The late presidential scholar James David Barber of Duke University wrote in “The Washington Monthly” back in Oct., 1991: “After ordering 250,000 troops to the Gulf region, Mr. Bush told the public on TV, ‘The mission of our troops is wholly defensive…when they (Bush and Cheney) knew otherwise.” Cheney echoed, “We’re not there in an offensive capacity, we’re not there threatening Iraq.” Barber wrote:

They “came on clear as a bell (and) both men lied” about the deployment being “defensive.” “They had been planning for the possibility of an American attack from the very first meeting…to discuss the Iraq invasion.”

So why should anyone believe Cheney was mistaken when he claimed in 2003 Iraq’s Hussein had a nuclear capability to threaten “anyone he chooses, in his own region or beyond”? Cheney asserted, “We do know, with absolute certainty, that he is using his procurement system to acquire the equipment he needs in order to enrich uranium to build a nuclear weapon.”

Lying to plunge a nation into war is a grave offense. By one estimate, Bush’s Iraq war has killed 100,000 civilians. That’s more people than Hitler killed in the invasion of Poland (70,000) in 1939 or during his “Blitz” of England (60,000) in 1940. Surely, aggressive war fits into the Constitution’s “high crimes and misdemeanors” category as an impeachable offense.

What’s more, as former Vice President Al Gore just charged, by authorizing the National Security Agency taps on civilians without court approval, Bush broke the law repeatedly and put “America’s Constitution in grave danger.”

“If the president has the inherent authority to eavesdrop on Americans without a warrant, imprison citizens on his own declaration, kidnap and torture them, what can’t he do?” Gore asked. Bush also lied when he claimed his regime “does not torture” when, in fact, it does, according to Human Rights Watch and others. One report says as many as 200 captives have already been put to death without trial.

Gore went on to say, “When President Bush failed to convince Congress to give him all the power he wanted…he secretly assumed that power anyway, as if congressional authorization was a useless bother.”

Cheney also dissembled when he stated the Bush-ordered NSA wire taps “saved thousands of lives.” In fact, the only domestic “threat” unearthed from all those taps was one to attack the Brooklyn Bridge with a “blow torch,” a threat disputed by local officials, The New York Times reported.

By the way, the NSA has spied illegally on Americans before, most notoriously during the 1968 Democratic Convention. Two years later, NSA got caught monitoring U.S. citizens making overseas telephone calls.

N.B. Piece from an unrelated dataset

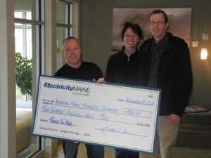 Kevin Dean, co-owner of Electricity Maine of Lewiston, recently presented a check for $500 to Esther and the Rev. Steve Bracy of the Western Maine Homeless Outreach Shelter. The donation will support the couple’s work at the Farmington shelter. The contribution was given as seed money for the shelter, which is based out of the Bracys’ Church, Living Waters Assembly of God. To learn more about Electricity Maine, go to www.powertohelpmaine.com.

Senator Arlen Specter, (R-Pa.), who will conduct the spy hearings, said if Bush broke the law ordering them, one remedy could be impeachment.

In his “The Imperial Presidency,” historian Arthur Schlesinger, Jr., wrote founder Ben Franklin believed that the impeachment provision in the Constitution was necessary. Otherwise, Franklin said, the only recourse to remove a president would be assassination, depriving the president of life and “of the opportunity of vindicating his character.”

As Virginia’s George Mason told the Constitutional Convention, “No point is of more importance than the right of impeachment should be continued. Shall any man be above Justice? Above all shall that man be above it, who (as President) can commit the most extensive injustice?”

Lying to start wars? Spying on Americans without warrants? Torture? Hey, what’s going down here? As President John Quincy Adams warned, if America became routinely involved in foreign wars, “the fundamental maxims of her policy would insensibly change from liberty to force” (and) “She might become the dictatress of the world. She would no longer be the ruler of her own spirit.” Is that what Bush and Cheney are up to?